Prompt -
Exact copy without images: repeat every entry as written.

==== Material for this exercise

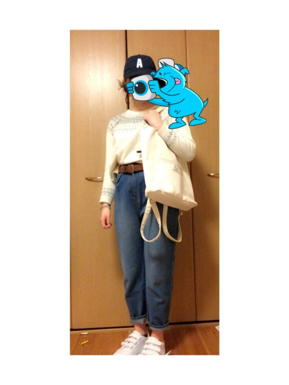 もふもふちゃんのニット/セーター「ミドルゲージジャガードニットプルオーバー」を使ったコーディネート
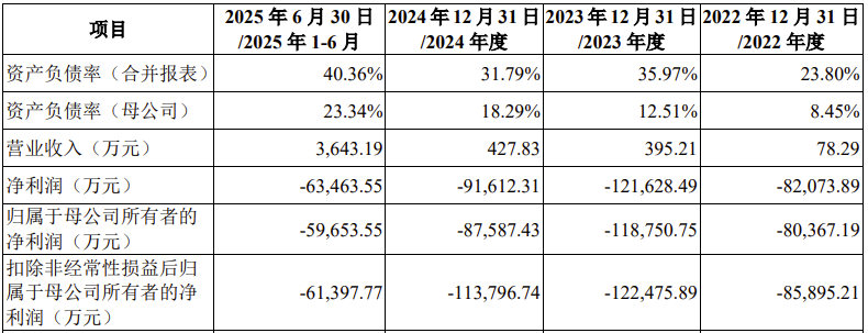 2022年、2023年、2024年及2025年上半年,公司实现营业收入分别为78万元、395万元、428万元及3643万元, 归母净利润分别为-80367万元、-118751万元、-87587万元及-59654万元,扣非归母净利润分别为-85895万元、-122476万元、-113797万元及-61398万元,尚未实现盈利。
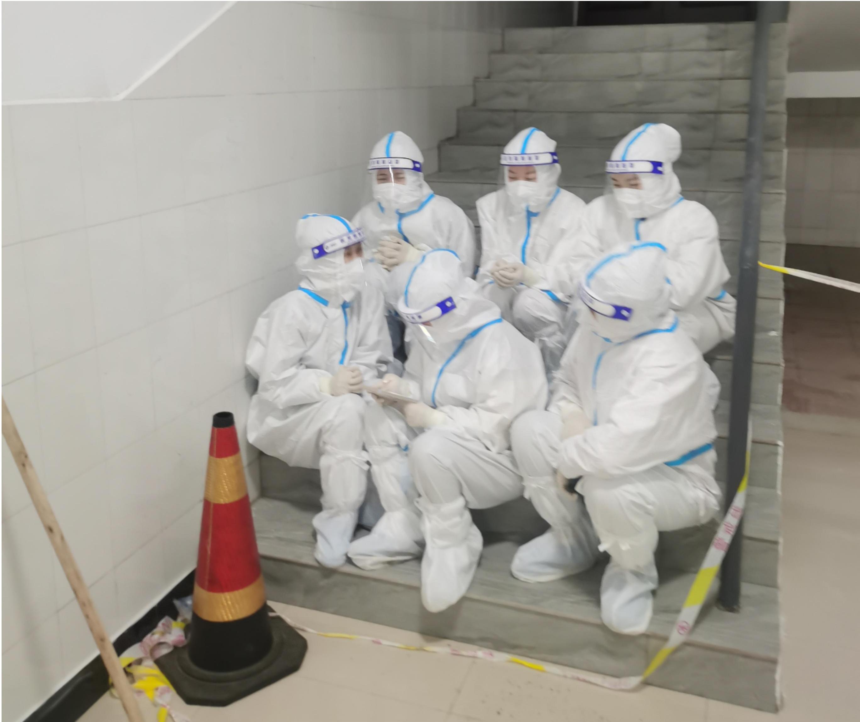 3月17日,在东区核酸检测点,在场所有人都被医护人员的话深深感动。由于试剂紧张,几位医护人员只能在现场等待。当晚气温骤降10度,东区管委会主任高鹏发现后,让在楼梯间依偎取暖的医护人员到暖气的屋子休息,她们却说:“同学们都在外面冒着寒风等,我们在室内已经好很多了。”因为害怕污染房间,她们一直都待在楼梯间,足足四个小时。直到完成学校东区所有核酸检测,又马不停蹄地赶到学校本部进行支援。
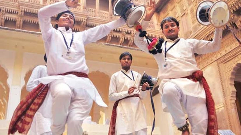 While the main stage of the Mehrangarh Fort was thronged by revellers at night, the many interior pockets of the citadel threw up vibrant surprises during the day. Visitors to the fort museum along with RIFF attendees are witness to the 'Fort Festivities' section of the festival, which comprises traditional dance forms such as the dhol thali nritya, dance of the Algoza party and the derun dance - all performed by men.
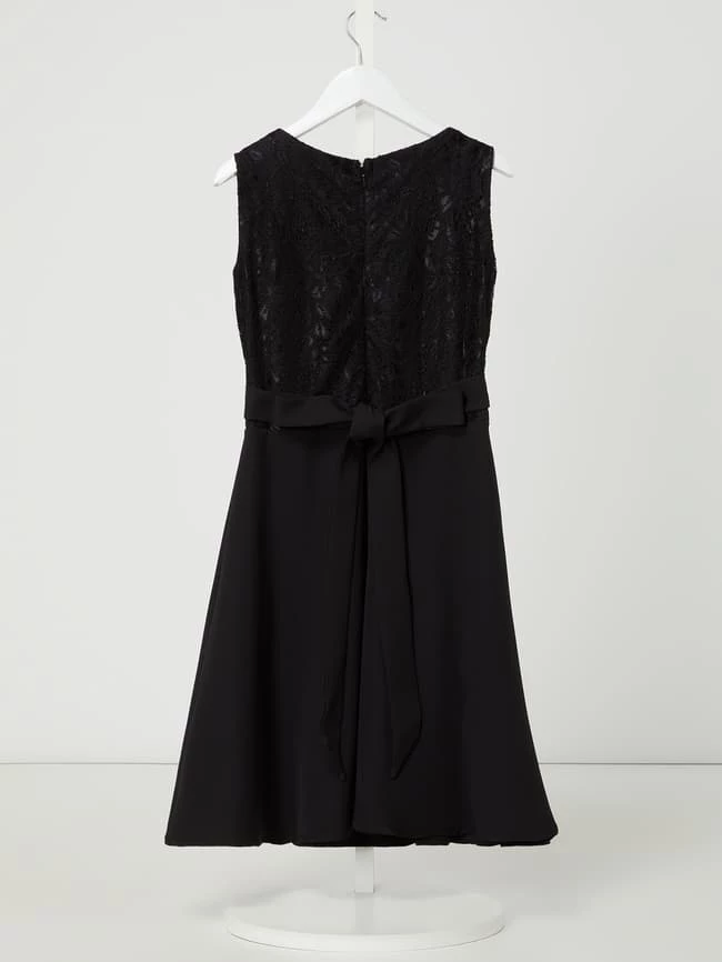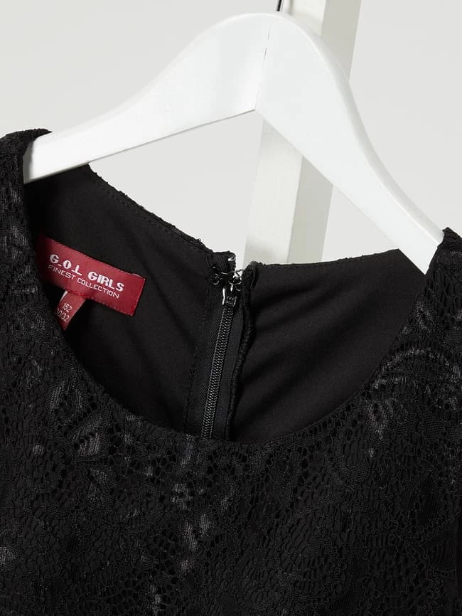 Das Kleid von G.O.L. ist aus Spitze und Krepp gefertigt. Es zeigt sich in taillierter Passform mit Rundhalsausschnitt, Taillengürtel zum Binden und ausgestelltem Rockteil.
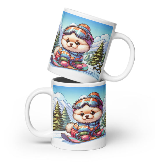 Winterse Pomeranian Snowboard Mok - Begin Je Dag Met Sneeuwpret
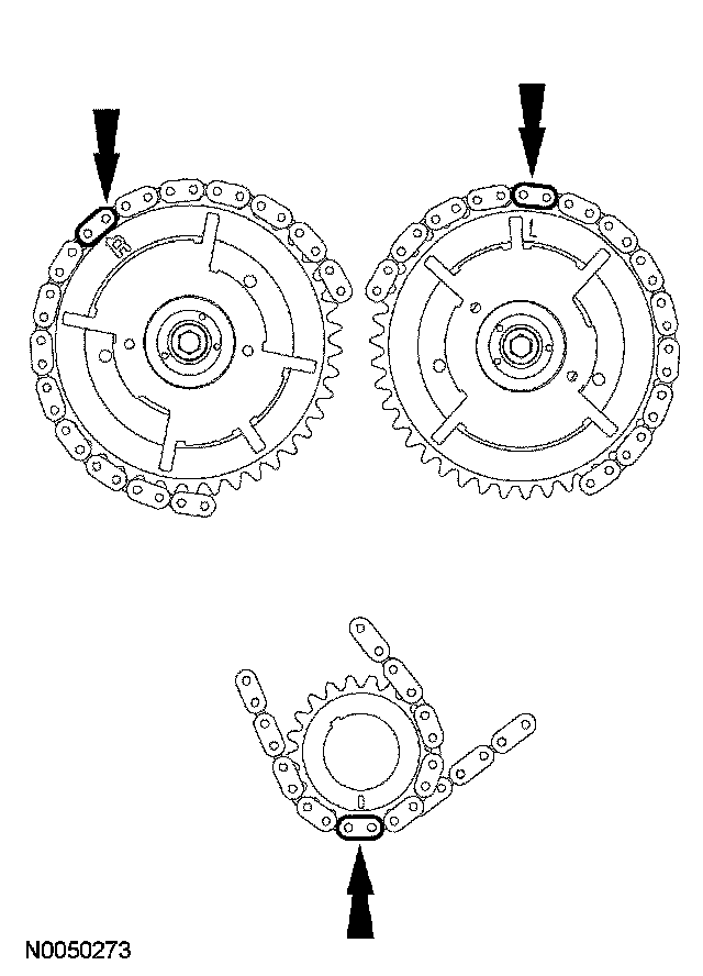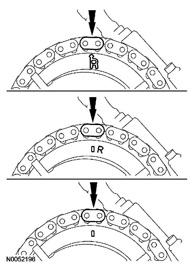 Position the RH timing chain on the camshaft sprocket. Make sure the camshaft sprocket timing mark is aligned with the copper (marked) chain link.
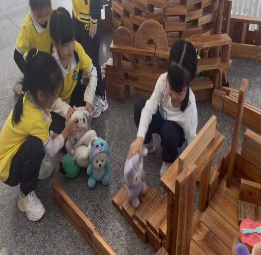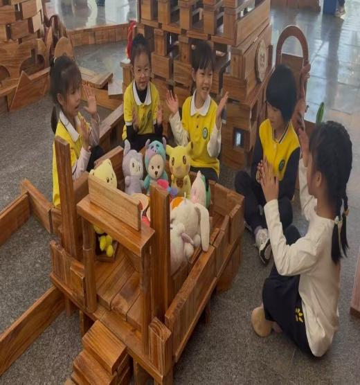 其三,跳出“结果评价”,关注社会性的隐性成长。当不再用“搭得像不像”评判游戏,便发现了孩子们的温暖与协作:王梦莎、德宸碰倒餐厅后,大家无责备反而共同重建,搭建中自发分工递积木、调结构,这些细节正是幼儿合作意识、同理心与规则意识的萌芽,远比成品更能彰显游戏的教育价值,把游戏的真正主动权还给孩子,让他们在自主、自由的游戏中实现有个性的发展。
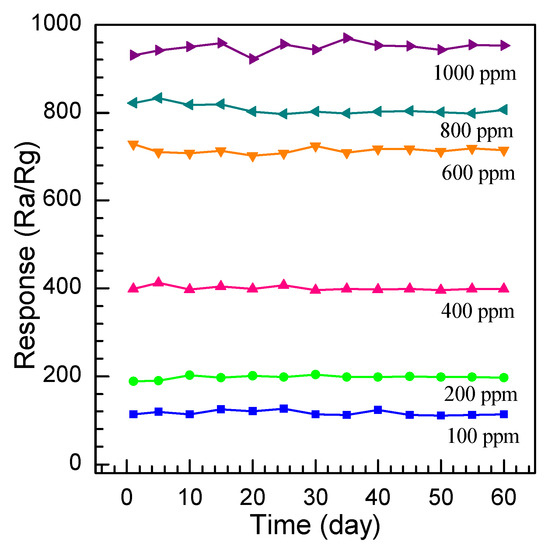Finally, the long-term stability of the nanosheet gas sensors is inspected. The gas response evolution of the SnO2 nanosheet sensors was measured by repeating the measurement a number of times at concentrations of 100, 200, 400, 600, 800, and 1000 ppm at the optimum operation voltage of 3.4 V for 60 days. Figure 14 demonstrates the response changes are measured on the 5th, 10th, 15th, 20th, 25th, 30th, 35th, 40th, 45th, 50th, 55th, and 60th day after the first measurement. It can be calculated that the slight vibration of the 60-days-later response is ±8.3%, ±5.8%, ±6.5%, ±10.2%, ±9.4%, and 11.2% for 100, 200, 400, 600, 800, and 1000 ppm ethylene glycol gas, respectively, which illustrates a good stability and reliability of the SnO2 nanosheet sensor for practical application.
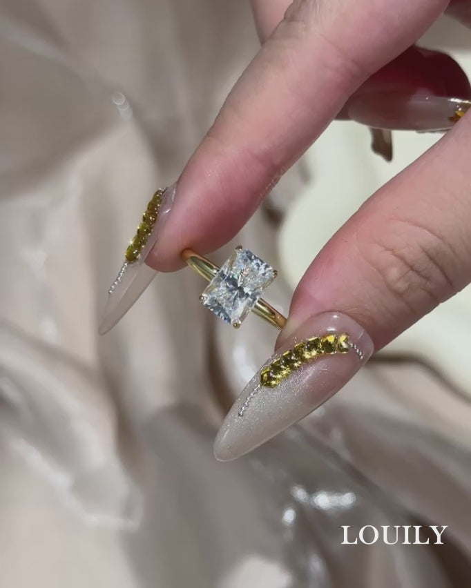 This ring was designed for the woman who loves timeless glamour with a contemporary edge, featuring a breathtaking 3.5 carat radiant cut moissanite that captures and reflects light with incredible fire. Set in sterling silver, its clean lines and bold presence make it perfect as an unforgettable engagement ring or a dazzling addition to your collection. It’s a piece that celebrates love with brilliance and sophistication.
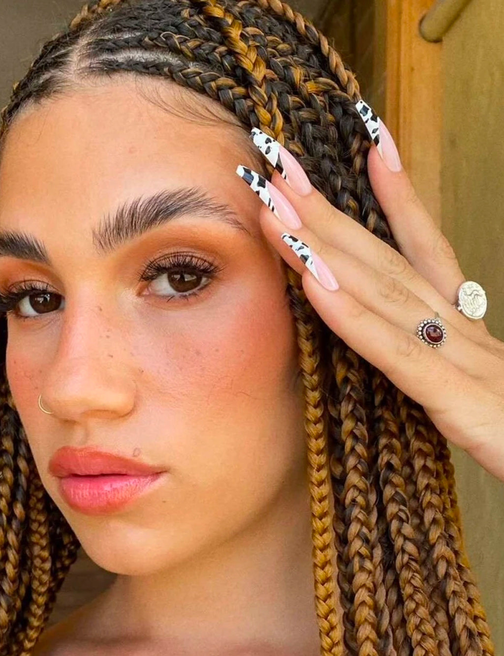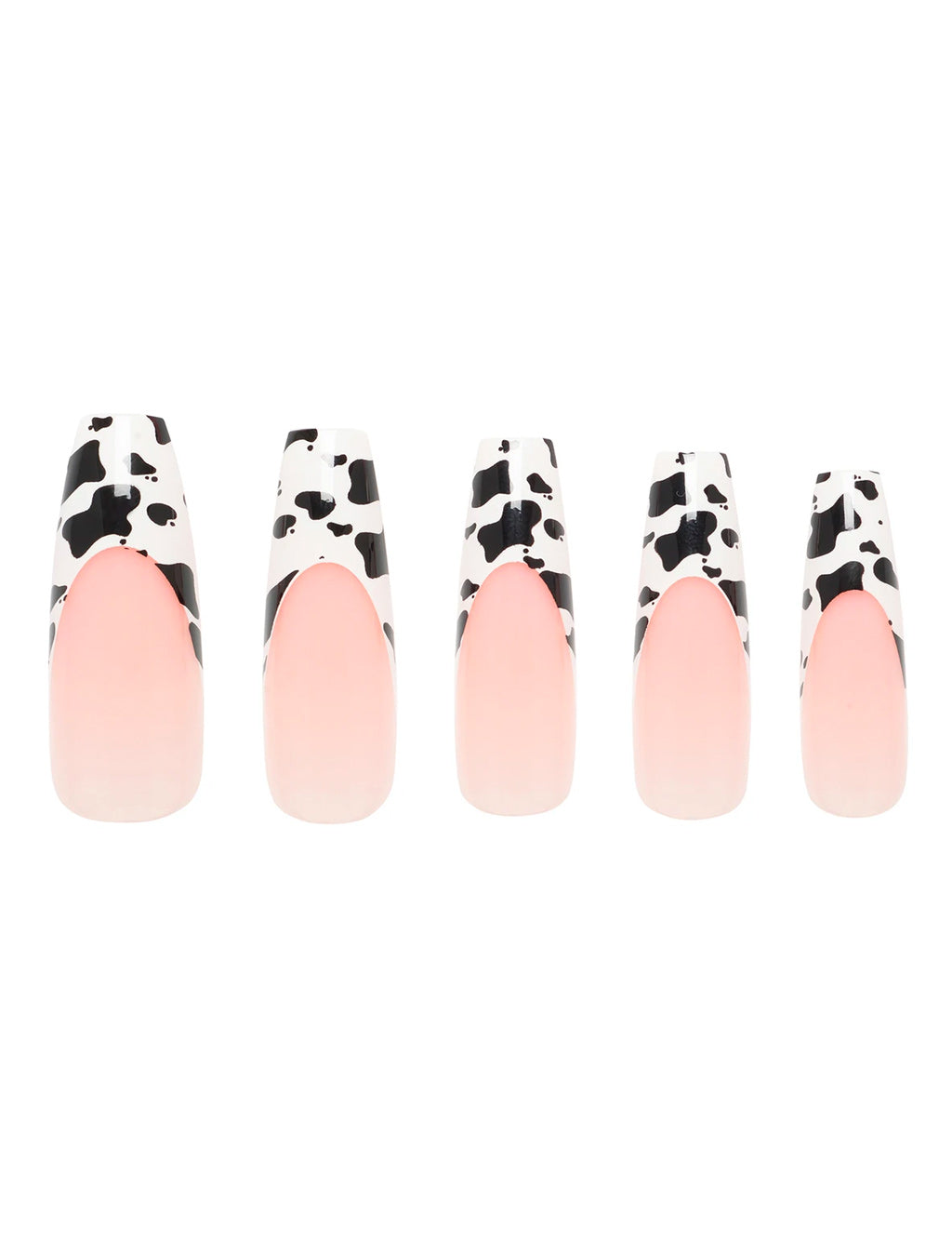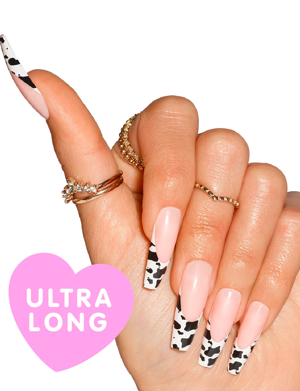Unleash your inner cowgirl in our classic French mani with a graphic, black and white, cow printed tip.
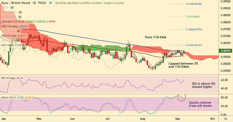 Support - 0.8557 (55-EMA), Resistance - 0.8593 (110-EMA)
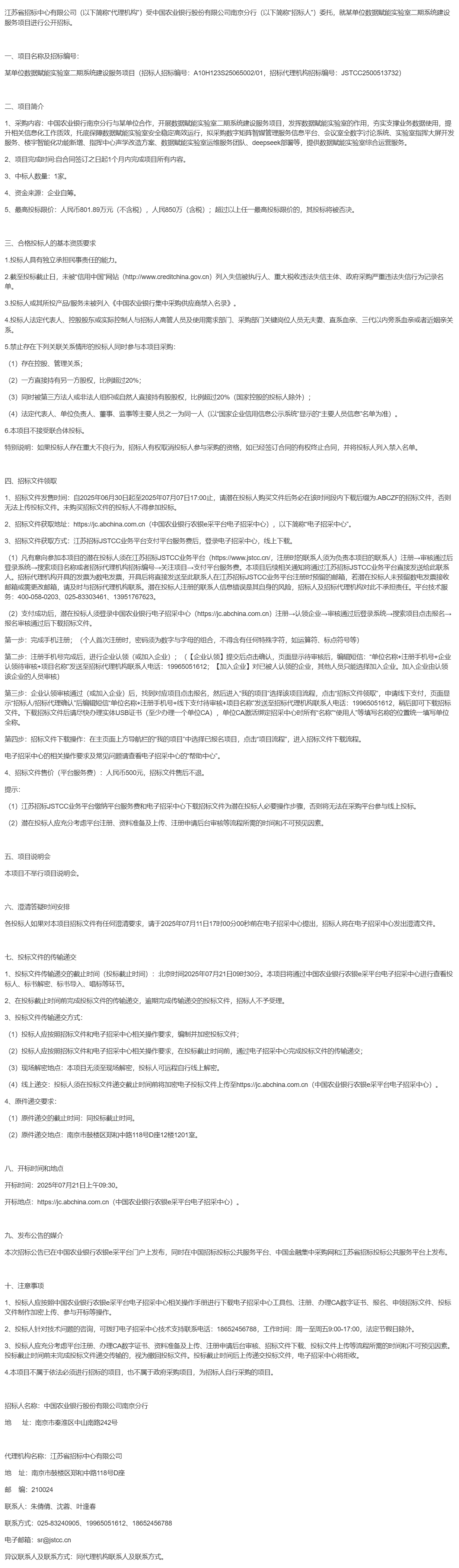 江苏省招标中心有限公司(以下简称“代理机构”)受中国农业银行股份有限公司南京分行(以下简称“招标人”)委托,就某单位数据赋能实验室二期系统建设服务项目进行公开招标。

========

Reply -
 もふもふちゃんのニット/セーター「ミドルゲージジャガードニットプルオーバー」を使ったコーディネート
 2022年、2023年、2024年及2025年上半年,公司实现营业收入分别为78万元、395万元、428万元及3643万元, 归母净利润分别为-80367万元、-118751万元、-87587万元及-59654万元,扣非归母净利润分别为-85895万元、-122476万元、-113797万元及-61398万元,尚未实现盈利。
 3月17日,在东区核酸检测点,在场所有人都被医护人员的话深深感动。由于试剂紧张,几位医护人员只能在现场等待。当晚气温骤降10度,东区管委会主任高鹏发现后,让在楼梯间依偎取暖的医护人员到暖气的屋子休息,她们却说:“同学们都在外面冒着寒风等,我们在室内已经好很多了。”因为害怕污染房间,她们一直都待在楼梯间,足足四个小时。直到完成学校东区所有核酸检测,又马不停蹄地赶到学校本部进行支援。
 While the main stage of the Mehrangarh Fort was thronged by revellers at night, the many interior pockets of the citadel threw up vibrant surprises during the day. Visitors to the fort museum along with RIFF attendees are witness to the 'Fort Festivities' section of the festival, which comprises traditional dance forms such as the dhol thali nritya, dance of the Algoza party and the derun dance - all performed by men.
 Das Kleid von G.O.L. ist aus Spitze und Krepp gefertigt. Es zeigt sich in taillierter Passform mit Rundhalsausschnitt, Taillengürtel zum Binden und ausgestelltem Rockteil.
 Winterse Pomeranian Snowboard Mok - Begin Je Dag Met Sneeuwpret
 Position the RH timing chain on the camshaft sprocket. Make sure the camshaft sprocket timing mark is aligned with the copper (marked) chain link.
 其三,跳出“结果评价”,关注社会性的隐性成长。当不再用“搭得像不像”评判游戏,便发现了孩子们的温暖与协作:王梦莎、德宸碰倒餐厅后,大家无责备反而共同重建,搭建中自发分工递积木、调结构,这些细节正是幼儿合作意识、同理心与规则意识的萌芽,远比成品更能彰显游戏的教育价值,把游戏的真正主动权还给孩子,让他们在自主、自由的游戏中实现有个性的发展。
Finally, the long-term stability of the nanosheet gas sensors is inspected. The gas response evolution of the SnO2 nanosheet sensors was measured by repeating the measurement a number of times at concentrations of 100, 200, 400, 600, 800, and 1000 ppm at the optimum operation voltage of 3.4 V for 60 days. Figure 14 demonstrates the response changes are measured on the 5th, 10th, 15th, 20th, 25th, 30th, 35th, 40th, 45th, 50th, 55th, and 60th day after the first measurement. It can be calculated that the slight vibration of the 60-days-later response is ±8.3%, ±5.8%, ±6.5%, ±10.2%, ±9.4%, and 11.2% for 100, 200, 400, 600, 800, and 1000 ppm ethylene glycol gas, respectively, which illustrates a good stability and reliability of the SnO2 nanosheet sensor for practical application.
 This ring was designed for the woman who loves timeless glamour with a contemporary edge, featuring a breathtaking 3.5 carat radiant cut moissanite that captures and reflects light with incredible fire. Set in sterling silver, its clean lines and bold presence make it perfect as an unforgettable engagement ring or a dazzling addition to your collection. It’s a piece that celebrates love with brilliance and sophistication.
Unleash your inner cowgirl in our classic French mani with a graphic, black and white, cow printed tip.
 Support - 0.8557 (55-EMA), Resistance - 0.8593 (110-EMA)
 江苏省招标中心有限公司(以下简称“代理机构”)受中国农业银行股份有限公司南京分行(以下简称“招标人”)委托,就某单位数据赋能实验室二期系统建设服务项目进行公开招标。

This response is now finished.